FIG. 7 is a flowchart illustrating a method for manufacturing the semiconductor device 1 according to the present first embodiment. The method for manufacturing the semiconductor device 1 will be described below.

A step (S1) of manufacturing the semiconductor package member 20 is performed. For example, the semiconductor package member 20 includes a semiconductor material and can be manufactured by a semiconductor process. The method for manufacturing the semiconductor package member 20 will be described in detail later.

A step (S2) of mounting the semiconductor element 15 on the support substrate 10 is performed. For example, the semiconductor element 15 is bonded to the support substrate 10 with use of a conductive bonding member (not illustrated) such as solder.

A step (S3) of attaching the semiconductor package member 20 to the support substrate 10 is performed. For example, the semiconductor package member 20 (specifically, the protrusion 25) is bonded to the first surface 10a of the support substrate 10 with use of the bonding member 28. The cavity 29 is formed between the semiconductor package member 20 and the support substrate 10. The semiconductor element 15 is housed within the cavity 29. The plurality of through holes 23 of the semiconductor package member 20 allow the surrounding environment of the semiconductor device 1 to communicate with the cavity 29.

A method for manufacturing the semiconductor package member 20 will be described below.

As illustrated in FIG. 8, a semiconductor substrate 30 is prepared. The semiconductor substrate 30 is an Si substrate, for example. The semiconductor substrate 30 includes a main surface 31 and a main surface 32 opposite to the main surface 31. The main surface 31 is the first main surface 21 of the semiconductor package member 20. The main surface 32 is the second main surface 22 of the semiconductor package member 20. The distance from the main surface 31 to the main surface 32 in the direction perpendicular to the main surface 31 may be greater than 0.3 mm, for example. A resist 35 is formed on the main surface 31. The resist 35 is subjected to patterning to form holes 36 in the resist 35. The inner peripheral width D of the hole 36 is 0.05 mm or less.

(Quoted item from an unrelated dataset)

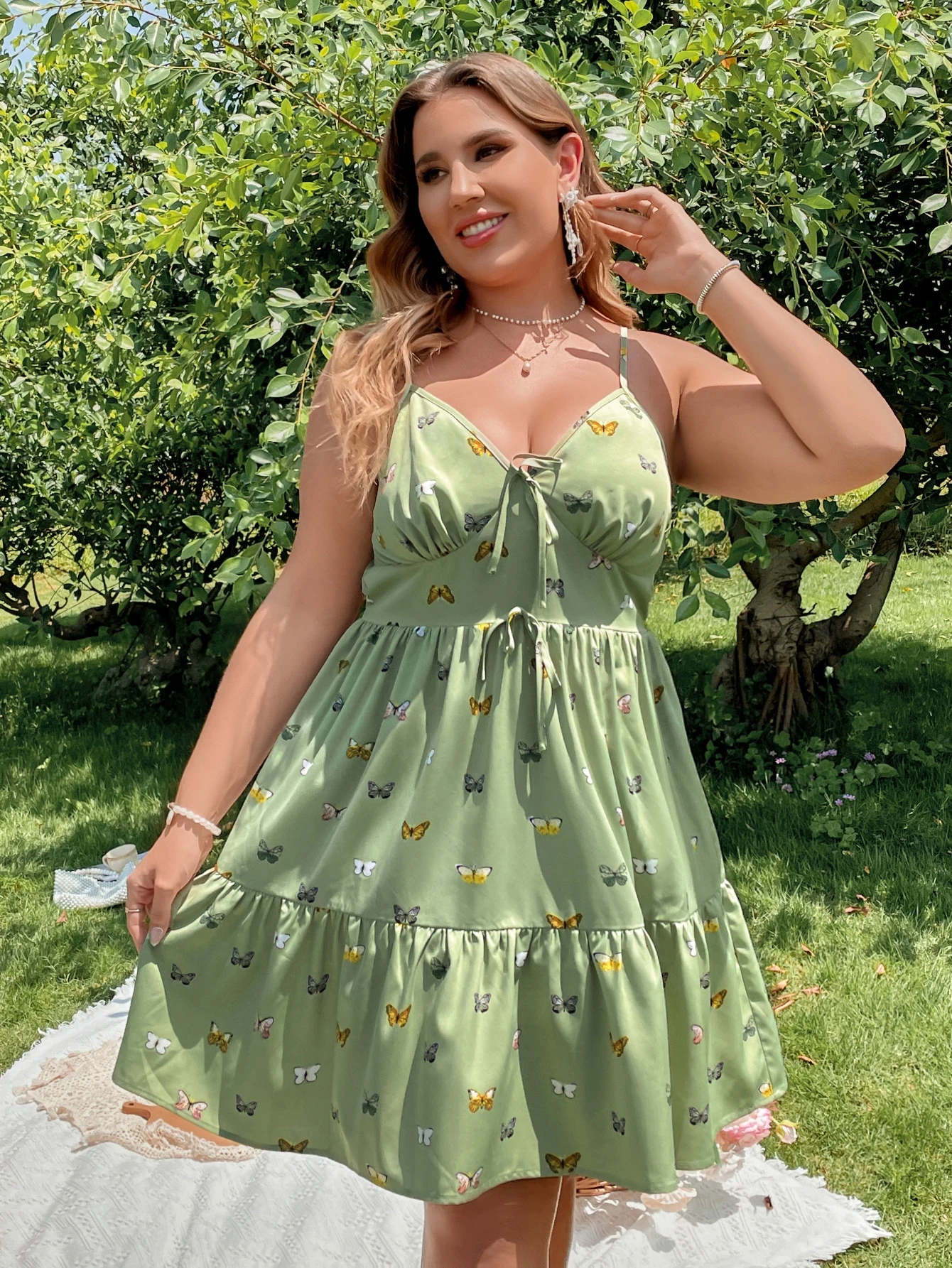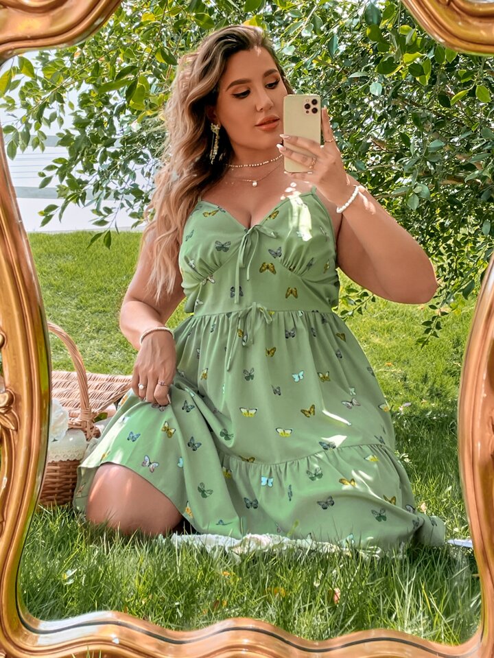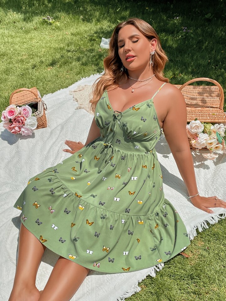 Plus Butterfly Print Tie Front Ruffle Hem Cami Dress
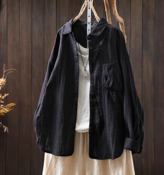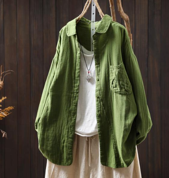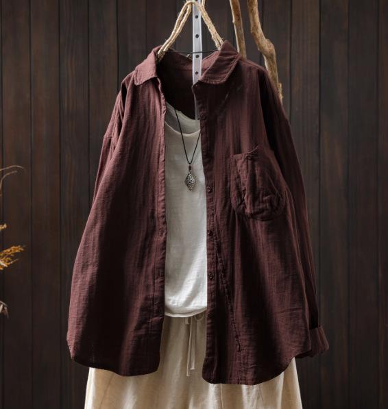 Johnature Женские винтажные рубашки топы с отложным воротником пэчворк карманы блузки осенние однотонные рубашки

As illustrated in FIG. 9, the semiconductor substrate 30 is etched by the resist 35 being used as a mask, to form a plurality of recesses 36a on the semiconductor substrate 30. Each recess 36a is formed by deep reactive ion etching (DRIE). The recess 36a may be formed by DRIE in such a manner as to reach the main surface 32 from the main surface 31, for example, but as illustrated in FIG. 9, the recess 36a does not have to penetrate the semiconductor substrate 30 from the main surface 31 to the main surface 32. That is, the recess 36a may have a bottom surface 36ab. The bottom surface 36ab is positioned to be sandwiched between the main surface 31 and the main surface 32. The distance from the main surface 31 to the bottom surface 36ab in the direction perpendicular to the main surface 31 may be 0.25 mm or more but 0.3 mm or less, for example. In this way, the recess 36a having an inner peripheral width D of 0.05 mm or less is formed. Thereafter, the resist 35 is removed from the semiconductor substrate 30 by ashing.

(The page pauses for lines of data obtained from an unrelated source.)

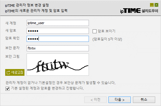 설정합니다. 설정을 원치 않는 경우, 페이지 하단에 위치한 [기본 설정된 계정과 암호를 변경하고 진행합니다] 항목을
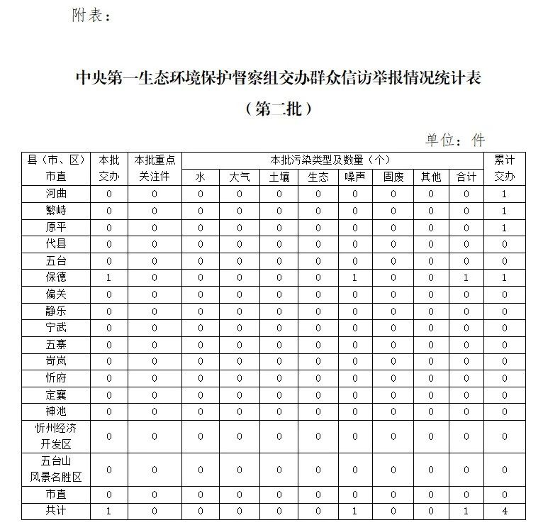 2025年5月30日,中央第一生態(tài)環(huán)境保護(hù)督察組向我市交辦的第二批信訪舉報(bào)件,共1件,其中重點(diǎn)件0件。 按區(qū)域和部門劃分,保德縣1件。本批轉(zhuǎn)辦的信訪件,涉及生態(tài)環(huán)境問題1個(gè),其中,噪聲問題1個(gè)。 當(dāng)日,上述信訪舉報(bào)件均已轉(zhuǎn)交相關(guān)縣。 截至5月30日,中央第一生態(tài)環(huán)境保護(hù)督察組累計(jì)向我市交辦信訪件4件,其中重點(diǎn)關(guān)注件0件。交辦的信訪件中,涉及原平市1件、河曲縣1件、繁峙縣1件、保德縣1件;涉及生態(tài)環(huán)境問題4個(gè),其中水污染問題1個(gè)、大氣污染問題1個(gè)、生態(tài)破壞問題1個(gè)、噪聲污染問題1個(gè)。 注:具體情況見附表
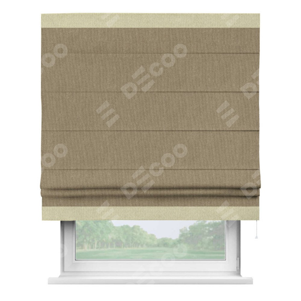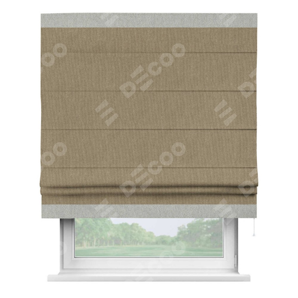 Римская штора пошита из ткани лён димаут тёмно-бежевый, артикул: 16261, с отделкой кантом «Горизонт» предлагает уникальное дизайнерское решение, при котором кант располагается только вверху и снизу шторы. Такое решение делает акцент на горизонтальных линиях, визуально расширяя пространство и придавая окну более строгий и организованный вид. Отделка кантом в этих ключевых местах не только украшает штору, но и способствует её долговечности, защищая наиболее уязвимые к износу края.
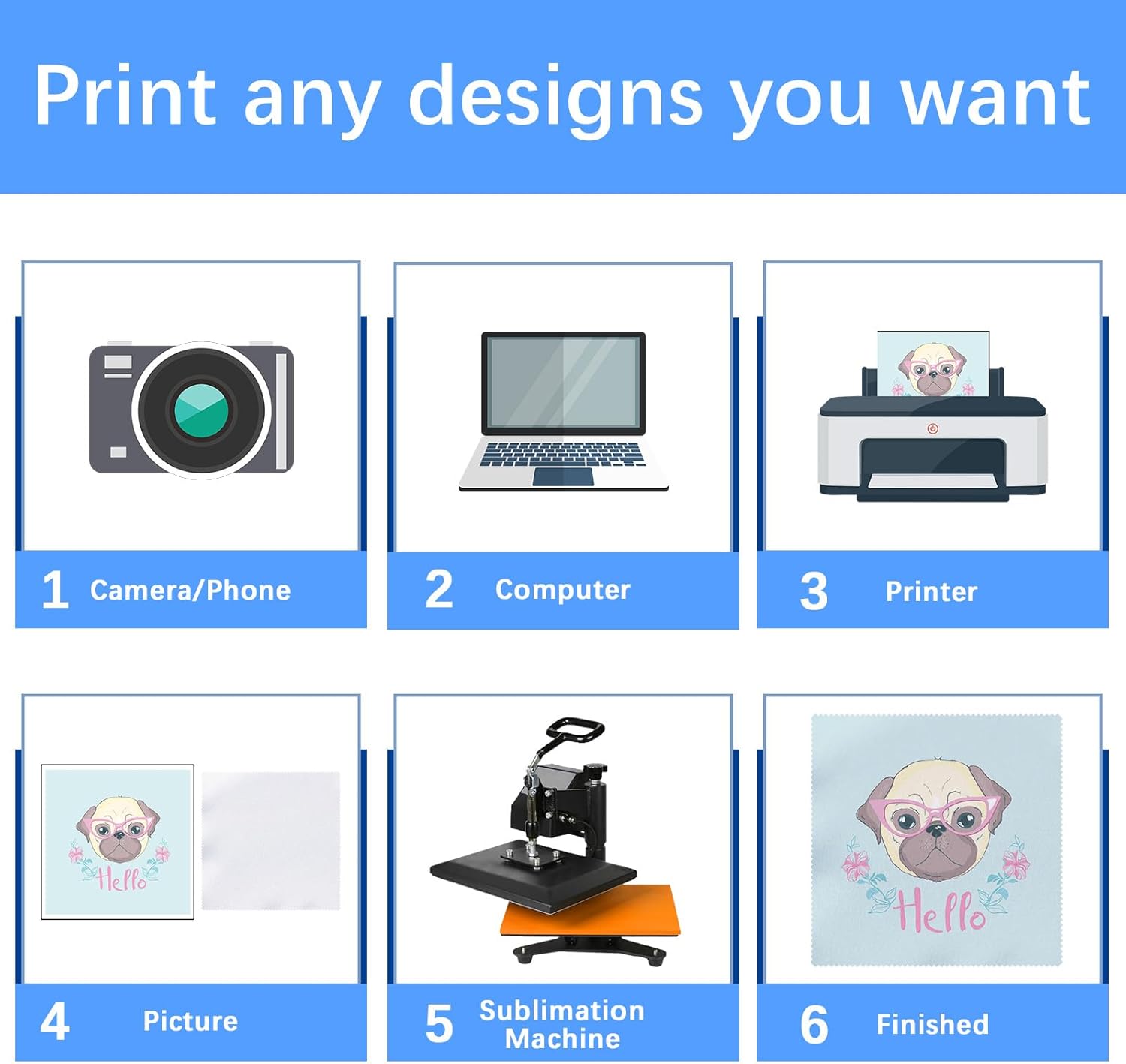 • DIY eyeglass cloths: These white eyeglass cloths are suitable for Sublimation, Screening, and Embroidery printing. You can print the logo and designs you want on them, and give them as gifts to your friends, family, or customers

As illustrated in FIG. 10, a resist 37 is formed on the main surface 31. The resist 37 is subjected to patterning to form an opening 38 in the resist 37. When viewed from a direction perpendicular to the main surface 31, the openings 38 are preferably arranged in such a manner as to overlap the recesses 36a. In other words, it is sufficient if the resist 37 is patterned in such a manner as to avoid the region where the recess 36a is formed. Accordingly, the inner peripheral width of the opening 38 is 0.05 mm or more, for example.

As illustrated in FIG. 11, the semiconductor substrate 30 is etched by the resist 37 being used as a mask, to form the recess 46 in the semiconductor substrate 30. The recess 46 is formed by DRIE, for example. The recess 46 has a bottom surface 46ab. As illustrated in FIG. 11, the bottom surface 46abis positioned to be sandwiched between the main surface 31 and the bottom surface 36ab of the recess 36a. The distance from the main surface 31 to the bottom surface 46ab in the direction perpendicular to the main surface 31 is 0.06 mm, for example. Thereafter, the resist 37 is removed from the semiconductor substrate 30 by ashing.

As illustrated in FIG. 12, the main surface 32 of the semiconductor substrate 30 is ground and polished such that the thickness of the semiconductor substrate 30 becomes 0.25 mm. By grinding and polishing the main surface 32, the through hole 23 that reaches the surface opposite to the main surface 31 from the main surface 31 is formed. In this way, the plurality of through holes 23 each having an inner peripheral width D of 0.05 mm or less can easily be formed.

As illustrated in FIG. 13, the water-repellent film 45 is formed on the main surface 31 and the bottom surface 46ab. The contact angle of the main surface 31 is measured, and the water repellency of the semiconductor substrate 30 is checked. In this way, the semiconductor package member 20 having water repellency is obtained.

<Operation>

The gas 2 in the environment surrounding the semiconductor device 1 flows into the cavity 29 of the semiconductor device 1 through the plurality of through holes 23 of the semiconductor package member 20. The semiconductor element 15 detects the gas 2 having flowed into the cavity 29 and outputs a signal regarding the gas 2 such as the concentration of the gas 2. A signal regarding the gas 2 is output to the outside of the semiconductor device 1 through the electrical wiring (not illustrated) and the external terminals 12 of the support substrate 10.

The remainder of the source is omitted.